Ultimately, my review of the ALJ’s decision is confined to whether substantial evidence, in the
record as it was reviewed by the ALJ, supports the decision and whether correct legal standards
were applied. See Richardson v. Perales, 402 U.S. 389, 390, 404 (1971). Even if there is other
evidence that may support Ms. Rice’s position, I am not permitted to reweigh the evidence or to
substitute my own judgment for that of the ALJ. See Hays v. Sullivan, 907 F.2d 1453, 1456 (4th
Cir. 1990). Accordingly, the ALJ properly evaluated Ms. Sanford’s opinion and supported her
conclusion with substantial evidence.2 Remand on this basis is therefore unwarranted.
For the reasons set forth above, Plaintiff’s Motion for Summary Judgment (ECF No. 14)
is DENIED and Defendant’s Motion for Summary Judgment (ECF No. 17) is DENIED.
Pursuant to sentence four of 42 U.S.C. § 405(g), the Commissioner’s judgment is REVERSED
IN PART due to inadequate analysis. The case is REMANDED for further proceedings in
accordance with this opinion. The Clerk is directed to CLOSE this case.
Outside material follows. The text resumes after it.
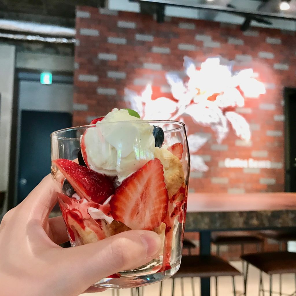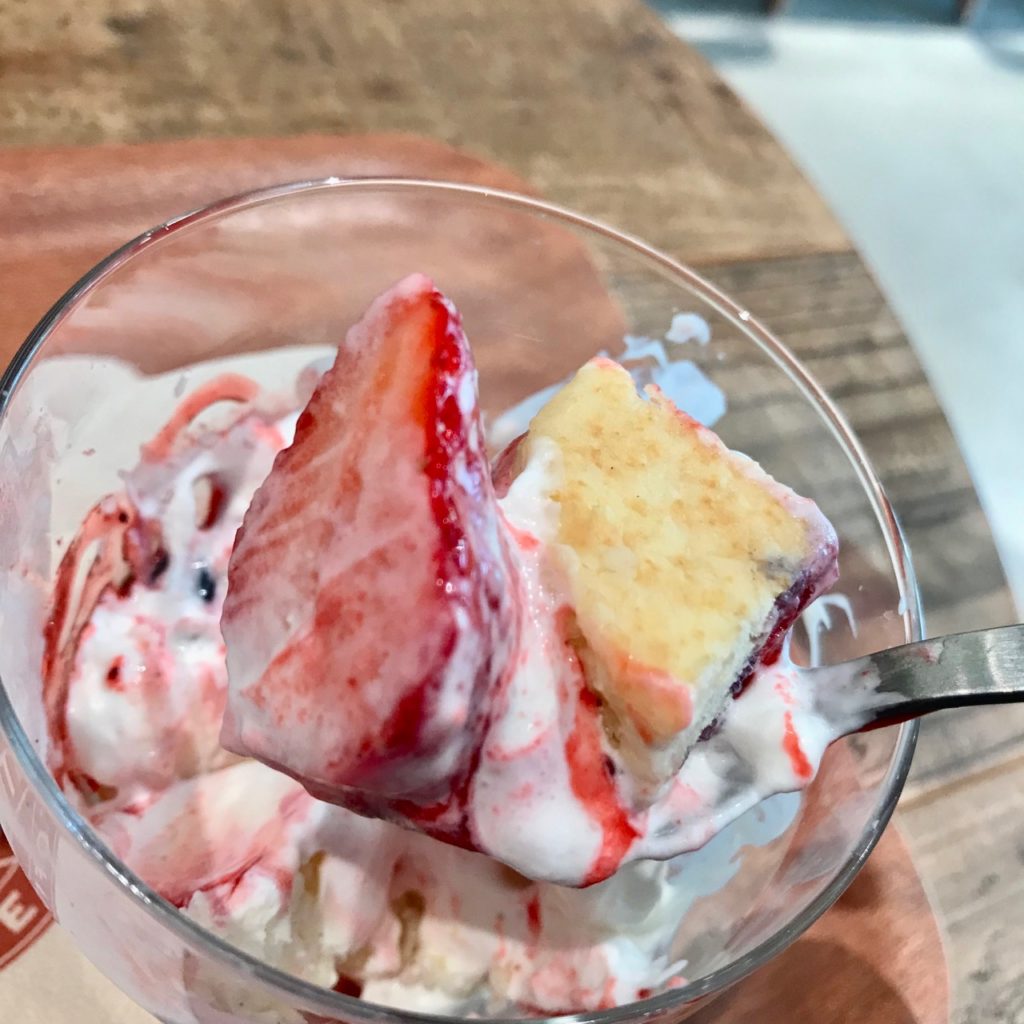 イングリッシュスコーンとイチゴ、シロップ漬けのブルーベリー、アイスクリーム、生クリーム、ベリーソースがグラスに入っています。

Despite the informal nature of this letter, it should be flagged as an opinion and docketed
as an order.
Sincerely yours,
/s/
Stephanie A. Gallagher
United States Magistrate Judge
2
The only portion of Ms. Sanford’s opinion that was not sufficiently addressed was the conclusion that Ms. Rice
would have extreme deficits in maintaining concentration. (Tr. 186). That deficiency will be rectified with an
appropriate Mascio analysis of Ms. Rice’s ability to sustain work.